Jumlah operasi peretasan negara-bangsa yang bermusuhan meningkat karena negara-negara baru berinvestasi dalam kampanye penyusupan dunia maya dan kelompok penyerang yang didukung negara mengambil keuntungan dari peningkatan organisasi yang mengadopsi aplikasi cloud.
Laporan Ancaman Global 2022 Crowdstrike merinci bagaimana lanskap ancaman dunia maya telah berkembang selama setahun terakhir. Salah satu perkembangan itu adalah munculnya negara-negara baru yang terlibat dalam operasi siber ofensif, termasuk Turki dan Kolombia.
Serangan oleh kelompok terkait Turki dirinci sebagai serangan oleh ‘Serigala’ sementara serangan oleh operasi Kolombia telah Dijuluki ‘Ocelot’ dengan cara yang mirip dengan cara peneliti keamanan siber menyebut aktivitas yang didukung pemerintah Rusia ‘Beruang’ atau kelompok peretas Cina ‘Panda’.
Kegiatan oleh salah satu kelompok baru ini dirinci dalam laporan; kelompok peretasan yang berbasis di Turki, dijuluki Cosmic Wolf oleh para peneliti, menargetkan data korban yang tidak ditentukan yang disimpan dalam lingkungan cloud Amazon Web Services (AWS) pada April 2021.
Penyerang dapat membobol lingkungan cloud AWS menggunakan nama pengguna dan kata sandi yang dicuri, yang juga memberi penyerang hak istimewa yang diperlukan untuk mengubah baris perintah. Itu berarti mereka dapat mengubah pengaturan keamanan untuk mengizinkan akses langsung Secure Shell Protocol (SSH) ke AWS dari infrastruktur mereka sendiri, memungkinkan pencurian data.
Salah satu alasan negara meningkatkan kemampuan siber ofensif mereka adalah karena dampak pandemi global. Penguncian dan pemeriksaan perjalanan yang ketat mempersulit teknik spionase tradisional untuk menjadi efektif, yang mengarah pada investasi dalam operasi dunia maya.
Pergeseran menuju aplikasi cloud dan layanan cloud IT juga telah memainkan peran tanpa disadari dalam membuat serangan siber menjadi lebih mudah.

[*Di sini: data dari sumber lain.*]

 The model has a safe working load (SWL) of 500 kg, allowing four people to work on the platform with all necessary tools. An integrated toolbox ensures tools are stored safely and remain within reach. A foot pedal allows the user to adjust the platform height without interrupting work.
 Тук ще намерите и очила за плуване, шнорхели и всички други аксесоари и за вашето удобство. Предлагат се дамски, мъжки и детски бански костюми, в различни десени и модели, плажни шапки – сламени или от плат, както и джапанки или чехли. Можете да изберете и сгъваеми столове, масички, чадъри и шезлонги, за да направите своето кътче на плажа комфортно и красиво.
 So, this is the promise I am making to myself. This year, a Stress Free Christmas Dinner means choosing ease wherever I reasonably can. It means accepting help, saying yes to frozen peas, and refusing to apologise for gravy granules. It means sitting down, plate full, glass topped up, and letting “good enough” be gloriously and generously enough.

Munculnya pekerjaan hibrida berarti banyak karyawan tidak berbasis di kantor, alih-alih terhubung dari jarak jauh melalui aplikasi kolaboratif, VPN, dan layanan lainnya menggunakan nama pengguna dan kata sandi.
Itu membuat menjadi produktif saat bekerja dari jarak jauh lebih mudah bagi karyawan tetapi juga membuat segalanya lebih sederhana untuk kelompok peretas, yang secara diam-diam dapat mengakses jaringan dengan nama pengguna dan kata sandi yang dicuri atau ditebak.

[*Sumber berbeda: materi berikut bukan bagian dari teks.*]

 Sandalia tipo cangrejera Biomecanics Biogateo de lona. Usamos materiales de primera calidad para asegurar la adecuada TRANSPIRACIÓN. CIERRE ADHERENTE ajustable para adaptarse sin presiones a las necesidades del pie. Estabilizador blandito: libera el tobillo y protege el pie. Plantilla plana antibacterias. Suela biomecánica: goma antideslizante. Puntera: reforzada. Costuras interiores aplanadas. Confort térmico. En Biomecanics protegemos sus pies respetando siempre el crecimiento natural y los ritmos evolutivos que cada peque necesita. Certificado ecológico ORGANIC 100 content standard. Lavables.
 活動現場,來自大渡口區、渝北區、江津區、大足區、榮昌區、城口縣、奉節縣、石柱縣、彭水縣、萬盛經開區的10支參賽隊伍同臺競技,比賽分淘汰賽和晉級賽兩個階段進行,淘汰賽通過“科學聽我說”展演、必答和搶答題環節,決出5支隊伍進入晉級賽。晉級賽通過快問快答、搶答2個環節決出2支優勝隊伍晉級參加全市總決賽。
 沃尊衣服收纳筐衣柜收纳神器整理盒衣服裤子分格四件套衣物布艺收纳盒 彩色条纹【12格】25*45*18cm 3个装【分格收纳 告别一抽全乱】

Beberapa insiden keamanan siber terbesar dalam beberapa tahun terakhir, seperti serangan SolarWinds dan Microsoft Exchange, telah menunjukkan bagaimana serangan yang menargetkan layanan cloud dan rantai pasokan cloud bisa menjadi kuat, terutama jika cloud salah dikonfigurasi atau dipantau dengan buruk.
Namun, ada langkah-langkah yang dapat diambil organisasi untuk membantu membuat jaringan dan infrastruktur cloud mereka lebih tahan terhadap serangan siber, termasuk penerapan strategi tanpa kepercayaan untuk tidak memercayai perangkat yang terhubung ke jaringan secara default.

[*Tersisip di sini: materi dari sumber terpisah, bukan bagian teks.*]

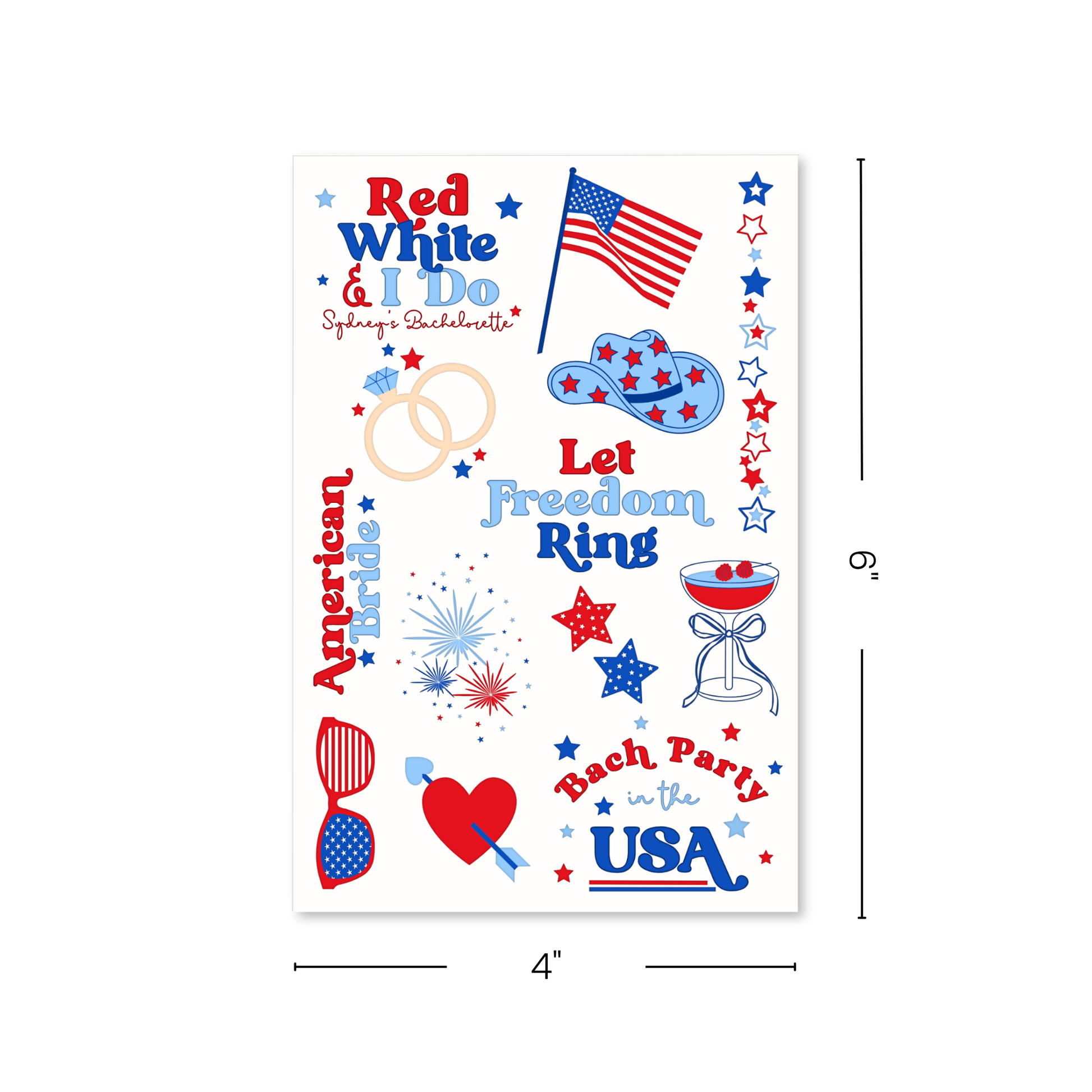 Turn up the red, white and I do with our Bach Party in the USA temporary tattoo sheets, perfect for your patriotic-themed bachelorette celebrations! Add a touch of all-American flair with these festive flash tattoos that serve as the perfect accessory for your festivities.
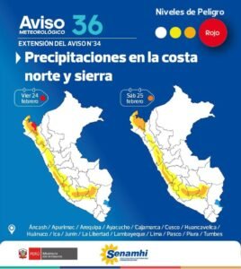 Aviso N°036 ROJO PRECIPITACIONES EN LA COSTA NORTE Y SIERRA (EXTENSIÓN DEL AVISO 034) Inicio del evento:Viernes , 24 de Febrero de 2023 a las 00:00
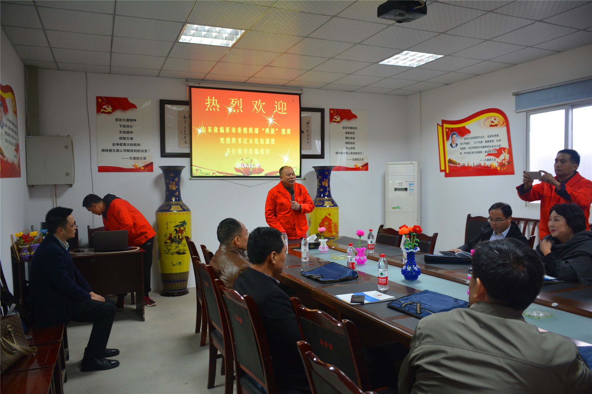 2018年11月20日,山东省临沂市委组织部“两新组织”党组织书记示范培训班赴四川久德公司党支部,实地考察交流党建工作。山东省临沂市委组织部、市工商联领导,山东省临沂市非公企业负责人、党组织书记及党务工作者近70人参加了会议。龙泉驿区委统战部副部长、区工商联党组书记黄旭东同志,区工商联副主席兼秘书长贺春蓝等同志出席了会议,黄旭东书记作了讲话。
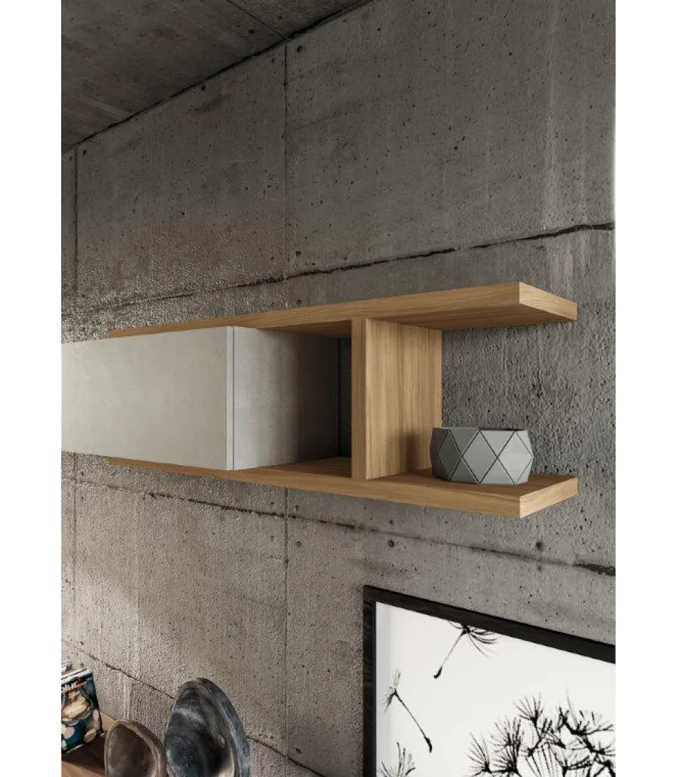 La Mensola In Essenza Abbraccia Il Pensile Orizzontale Nella Finitura Calce, Dando Vita A Un Effetto Complessivo Armonioso. Vivere Il Soggiorno Diventa Un’Esperienza Rilassante Capace Di Stimolare Riflessioni Profonde.

Makalah penelitian juga merekomendasikan bahwa organisasi bekerja untuk menghilangkan kesalahan konfigurasi dalam aplikasi dan layanan cloud mereka dengan mengatur pola default untuk menyiapkan cloud, jadi ketika akun baru disiapkan, itu dilakukan dengan cara yang dapat diprediksi, meminimalkan kemungkinan kesalahan manusia tidak terdeteksi.